▶ _HOW TO COMPLETE THIS TASK_:
In the listing that follows, the range to quote begins at the line that has "allows you to" and ends after the line that has "ROLEX LADIES OYSTER"; quote it verbatim and add nothing.
◇ ◇ ◇ ◇ ◇ ◇ ◇
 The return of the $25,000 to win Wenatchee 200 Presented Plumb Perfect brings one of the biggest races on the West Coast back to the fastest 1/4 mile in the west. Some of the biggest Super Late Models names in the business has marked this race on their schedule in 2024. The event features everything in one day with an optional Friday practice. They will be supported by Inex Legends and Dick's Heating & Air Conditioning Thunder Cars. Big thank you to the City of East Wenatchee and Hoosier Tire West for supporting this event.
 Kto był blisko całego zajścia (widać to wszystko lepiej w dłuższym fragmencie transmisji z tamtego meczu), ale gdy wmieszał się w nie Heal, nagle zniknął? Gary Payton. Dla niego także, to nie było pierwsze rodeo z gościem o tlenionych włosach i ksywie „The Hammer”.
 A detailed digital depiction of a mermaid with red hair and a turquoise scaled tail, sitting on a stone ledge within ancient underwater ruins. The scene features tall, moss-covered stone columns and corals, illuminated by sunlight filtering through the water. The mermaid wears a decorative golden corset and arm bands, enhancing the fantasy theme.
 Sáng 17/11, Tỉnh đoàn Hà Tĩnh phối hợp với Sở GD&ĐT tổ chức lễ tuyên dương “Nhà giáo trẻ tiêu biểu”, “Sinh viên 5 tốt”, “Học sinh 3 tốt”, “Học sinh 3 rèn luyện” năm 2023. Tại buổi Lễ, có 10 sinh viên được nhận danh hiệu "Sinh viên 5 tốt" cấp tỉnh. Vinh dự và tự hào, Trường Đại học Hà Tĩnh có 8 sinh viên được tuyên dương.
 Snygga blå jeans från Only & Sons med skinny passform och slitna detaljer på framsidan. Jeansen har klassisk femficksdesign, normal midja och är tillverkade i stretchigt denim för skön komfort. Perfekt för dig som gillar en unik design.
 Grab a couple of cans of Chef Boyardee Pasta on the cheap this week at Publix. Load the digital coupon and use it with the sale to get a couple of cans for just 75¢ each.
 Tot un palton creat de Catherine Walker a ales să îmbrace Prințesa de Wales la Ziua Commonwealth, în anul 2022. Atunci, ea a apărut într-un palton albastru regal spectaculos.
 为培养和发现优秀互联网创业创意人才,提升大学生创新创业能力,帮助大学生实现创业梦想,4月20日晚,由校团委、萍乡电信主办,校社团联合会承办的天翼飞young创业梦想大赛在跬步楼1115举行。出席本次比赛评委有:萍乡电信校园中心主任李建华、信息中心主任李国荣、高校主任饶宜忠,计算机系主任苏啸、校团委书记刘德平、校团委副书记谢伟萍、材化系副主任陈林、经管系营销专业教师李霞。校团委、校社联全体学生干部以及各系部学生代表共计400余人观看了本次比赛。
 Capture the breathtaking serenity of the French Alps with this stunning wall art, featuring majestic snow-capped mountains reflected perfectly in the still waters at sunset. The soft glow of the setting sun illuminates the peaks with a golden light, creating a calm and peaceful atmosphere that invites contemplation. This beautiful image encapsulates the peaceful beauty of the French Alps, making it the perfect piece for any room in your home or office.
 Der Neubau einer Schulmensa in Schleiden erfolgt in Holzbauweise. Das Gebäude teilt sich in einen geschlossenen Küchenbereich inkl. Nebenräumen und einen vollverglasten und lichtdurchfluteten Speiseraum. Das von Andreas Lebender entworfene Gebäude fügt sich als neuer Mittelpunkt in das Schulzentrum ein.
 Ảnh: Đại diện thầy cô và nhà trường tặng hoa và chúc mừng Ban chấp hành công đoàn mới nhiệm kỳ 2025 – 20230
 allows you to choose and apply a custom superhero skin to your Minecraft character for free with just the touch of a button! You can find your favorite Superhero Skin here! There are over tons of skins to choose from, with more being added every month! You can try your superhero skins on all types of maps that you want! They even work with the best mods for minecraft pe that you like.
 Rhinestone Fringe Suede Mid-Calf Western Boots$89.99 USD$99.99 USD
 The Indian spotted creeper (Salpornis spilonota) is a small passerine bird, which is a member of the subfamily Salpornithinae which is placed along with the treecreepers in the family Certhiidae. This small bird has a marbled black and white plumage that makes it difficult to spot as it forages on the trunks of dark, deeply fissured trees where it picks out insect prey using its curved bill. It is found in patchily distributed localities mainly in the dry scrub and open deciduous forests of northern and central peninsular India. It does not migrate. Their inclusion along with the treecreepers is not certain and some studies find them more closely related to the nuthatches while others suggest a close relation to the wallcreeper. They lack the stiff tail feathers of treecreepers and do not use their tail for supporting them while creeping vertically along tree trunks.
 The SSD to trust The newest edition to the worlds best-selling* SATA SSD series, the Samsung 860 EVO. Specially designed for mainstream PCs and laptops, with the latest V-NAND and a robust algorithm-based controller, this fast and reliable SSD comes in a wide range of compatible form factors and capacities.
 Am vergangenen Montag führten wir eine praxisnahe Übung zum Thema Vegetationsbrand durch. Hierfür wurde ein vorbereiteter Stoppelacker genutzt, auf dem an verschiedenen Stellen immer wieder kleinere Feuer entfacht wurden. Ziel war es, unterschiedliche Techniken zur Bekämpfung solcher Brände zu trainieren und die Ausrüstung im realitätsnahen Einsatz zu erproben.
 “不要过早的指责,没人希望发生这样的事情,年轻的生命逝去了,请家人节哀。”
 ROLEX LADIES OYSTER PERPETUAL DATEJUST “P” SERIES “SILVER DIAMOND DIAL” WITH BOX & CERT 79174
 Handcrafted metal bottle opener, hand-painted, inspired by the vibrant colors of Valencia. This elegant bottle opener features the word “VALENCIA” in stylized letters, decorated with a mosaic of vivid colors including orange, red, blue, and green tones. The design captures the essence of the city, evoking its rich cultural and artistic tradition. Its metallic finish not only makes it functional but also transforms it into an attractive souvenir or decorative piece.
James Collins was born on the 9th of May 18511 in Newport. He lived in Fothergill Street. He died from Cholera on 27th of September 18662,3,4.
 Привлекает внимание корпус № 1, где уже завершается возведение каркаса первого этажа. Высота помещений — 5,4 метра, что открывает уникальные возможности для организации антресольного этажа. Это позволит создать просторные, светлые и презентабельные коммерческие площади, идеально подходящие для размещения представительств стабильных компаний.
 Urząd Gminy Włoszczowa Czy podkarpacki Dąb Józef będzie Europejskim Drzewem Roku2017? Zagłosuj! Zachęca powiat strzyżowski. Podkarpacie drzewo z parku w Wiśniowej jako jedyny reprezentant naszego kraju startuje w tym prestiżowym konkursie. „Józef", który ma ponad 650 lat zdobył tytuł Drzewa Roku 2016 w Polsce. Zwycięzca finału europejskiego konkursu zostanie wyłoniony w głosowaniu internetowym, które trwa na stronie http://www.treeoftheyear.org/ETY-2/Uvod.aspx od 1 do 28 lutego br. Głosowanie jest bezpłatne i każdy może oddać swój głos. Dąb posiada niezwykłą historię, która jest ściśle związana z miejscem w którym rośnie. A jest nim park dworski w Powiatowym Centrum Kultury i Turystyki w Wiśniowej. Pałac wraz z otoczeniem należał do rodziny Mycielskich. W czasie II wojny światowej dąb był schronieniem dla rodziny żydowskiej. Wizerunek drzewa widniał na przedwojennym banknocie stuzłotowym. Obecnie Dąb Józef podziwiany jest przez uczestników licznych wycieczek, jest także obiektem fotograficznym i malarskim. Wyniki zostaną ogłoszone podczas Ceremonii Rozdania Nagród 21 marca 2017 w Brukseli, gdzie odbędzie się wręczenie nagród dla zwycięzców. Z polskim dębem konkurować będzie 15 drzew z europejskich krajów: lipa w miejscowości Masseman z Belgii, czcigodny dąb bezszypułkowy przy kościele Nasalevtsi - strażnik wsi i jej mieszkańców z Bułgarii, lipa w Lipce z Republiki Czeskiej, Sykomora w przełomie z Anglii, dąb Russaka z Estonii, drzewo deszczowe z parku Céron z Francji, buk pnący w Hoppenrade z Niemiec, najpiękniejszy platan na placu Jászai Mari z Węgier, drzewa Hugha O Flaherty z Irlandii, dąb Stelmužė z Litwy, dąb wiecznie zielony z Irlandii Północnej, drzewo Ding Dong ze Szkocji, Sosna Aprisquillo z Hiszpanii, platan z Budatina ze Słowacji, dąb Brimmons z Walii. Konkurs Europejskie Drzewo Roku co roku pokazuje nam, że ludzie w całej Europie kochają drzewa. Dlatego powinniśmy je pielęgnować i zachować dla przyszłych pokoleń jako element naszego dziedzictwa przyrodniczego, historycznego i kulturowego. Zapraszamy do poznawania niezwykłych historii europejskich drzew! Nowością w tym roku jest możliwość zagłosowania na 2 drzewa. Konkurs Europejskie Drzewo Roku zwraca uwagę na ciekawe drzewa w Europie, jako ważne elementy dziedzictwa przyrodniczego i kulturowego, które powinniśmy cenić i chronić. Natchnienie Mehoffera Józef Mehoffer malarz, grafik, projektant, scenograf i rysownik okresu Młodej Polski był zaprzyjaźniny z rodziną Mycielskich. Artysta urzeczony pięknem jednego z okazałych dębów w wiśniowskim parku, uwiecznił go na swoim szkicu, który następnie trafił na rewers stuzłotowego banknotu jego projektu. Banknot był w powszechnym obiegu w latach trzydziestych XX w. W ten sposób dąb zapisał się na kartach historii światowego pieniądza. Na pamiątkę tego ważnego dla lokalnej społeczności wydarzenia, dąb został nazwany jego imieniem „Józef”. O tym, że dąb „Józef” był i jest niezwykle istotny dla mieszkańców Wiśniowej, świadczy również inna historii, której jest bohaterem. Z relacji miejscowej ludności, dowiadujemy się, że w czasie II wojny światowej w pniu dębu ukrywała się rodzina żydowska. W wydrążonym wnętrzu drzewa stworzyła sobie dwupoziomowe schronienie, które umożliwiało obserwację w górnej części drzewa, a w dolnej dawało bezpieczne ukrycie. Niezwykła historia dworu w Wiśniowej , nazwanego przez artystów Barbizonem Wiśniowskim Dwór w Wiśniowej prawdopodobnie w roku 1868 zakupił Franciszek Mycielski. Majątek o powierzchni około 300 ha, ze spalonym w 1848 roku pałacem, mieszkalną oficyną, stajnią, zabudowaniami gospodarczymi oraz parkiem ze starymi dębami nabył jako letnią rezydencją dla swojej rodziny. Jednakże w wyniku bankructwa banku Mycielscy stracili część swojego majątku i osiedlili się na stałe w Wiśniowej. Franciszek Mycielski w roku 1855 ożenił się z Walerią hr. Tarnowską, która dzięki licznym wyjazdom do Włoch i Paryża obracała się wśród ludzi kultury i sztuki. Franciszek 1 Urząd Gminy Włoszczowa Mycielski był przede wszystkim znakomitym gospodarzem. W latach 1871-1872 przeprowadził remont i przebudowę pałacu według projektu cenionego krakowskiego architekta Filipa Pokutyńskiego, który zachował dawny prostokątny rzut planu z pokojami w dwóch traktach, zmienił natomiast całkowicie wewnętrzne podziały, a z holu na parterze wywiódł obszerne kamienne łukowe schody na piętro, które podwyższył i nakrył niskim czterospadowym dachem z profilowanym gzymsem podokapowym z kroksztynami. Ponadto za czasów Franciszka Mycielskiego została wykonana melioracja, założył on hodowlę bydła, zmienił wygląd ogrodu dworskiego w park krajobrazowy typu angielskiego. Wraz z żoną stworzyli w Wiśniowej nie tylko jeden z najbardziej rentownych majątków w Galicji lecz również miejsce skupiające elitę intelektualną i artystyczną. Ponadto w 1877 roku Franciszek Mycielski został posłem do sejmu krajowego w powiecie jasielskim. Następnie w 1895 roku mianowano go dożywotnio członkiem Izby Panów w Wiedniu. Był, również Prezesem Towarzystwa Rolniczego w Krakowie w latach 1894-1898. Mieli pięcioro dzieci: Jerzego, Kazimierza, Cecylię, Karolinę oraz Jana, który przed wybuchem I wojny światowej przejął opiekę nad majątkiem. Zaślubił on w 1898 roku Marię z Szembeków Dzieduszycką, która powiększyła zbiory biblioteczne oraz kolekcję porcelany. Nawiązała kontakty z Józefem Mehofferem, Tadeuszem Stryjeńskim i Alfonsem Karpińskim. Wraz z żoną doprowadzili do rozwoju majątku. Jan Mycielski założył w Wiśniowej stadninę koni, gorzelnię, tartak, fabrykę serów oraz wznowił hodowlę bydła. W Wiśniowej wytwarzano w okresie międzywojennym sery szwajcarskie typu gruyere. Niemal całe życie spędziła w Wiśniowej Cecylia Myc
◇ ◇ ◇ ◇ ◇ ◇ ◇
▶ _SOLUTION TO THIS EXERCISE_:
 allows you to choose and apply a custom superhero skin to your Minecraft character for free with just the touch of a button! You can find your favorite Superhero Skin here! There are over tons of skins to choose from, with more being added every month! You can try your superhero skins on all types of maps that you want! They even work with the best mods for minecraft pe that you like.
 Rhinestone Fringe Suede Mid-Calf Western Boots$89.99 USD$99.99 USD
 The Indian spotted creeper (Salpornis spilonota) is a small passerine bird, which is a member of the subfamily Salpornithinae which is placed along with the treecreepers in the family Certhiidae. This small bird has a marbled black and white plumage that makes it difficult to spot as it forages on the trunks of dark, deeply fissured trees where it picks out insect prey using its curved bill. It is found in patchily distributed localities mainly in the dry scrub and open deciduous forests of northern and central peninsular India. It does not migrate. Their inclusion along with the treecreepers is not certain and some studies find them more closely related to the nuthatches while others suggest a close relation to the wallcreeper. They lack the stiff tail feathers of treecreepers and do not use their tail for supporting them while creeping vertically along tree trunks.
 The SSD to trust The newest edition to the worlds best-selling* SATA SSD series, the Samsung 860 EVO. Specially designed for mainstream PCs and laptops, with the latest V-NAND and a robust algorithm-based controller, this fast and reliable SSD comes in a wide range of compatible form factors and capacities.
 Am vergangenen Montag führten wir eine praxisnahe Übung zum Thema Vegetationsbrand durch. Hierfür wurde ein vorbereiteter Stoppelacker genutzt, auf dem an verschiedenen Stellen immer wieder kleinere Feuer entfacht wurden. Ziel war es, unterschiedliche Techniken zur Bekämpfung solcher Brände zu trainieren und die Ausrüstung im realitätsnahen Einsatz zu erproben.
 “不要过早的指责,没人希望发生这样的事情,年轻的生命逝去了,请家人节哀。”
 ROLEX LADIES OYSTER PERPETUAL DATEJUST “P” SERIES “SILVER DIAMOND DIAL” WITH BOX & CERT 79174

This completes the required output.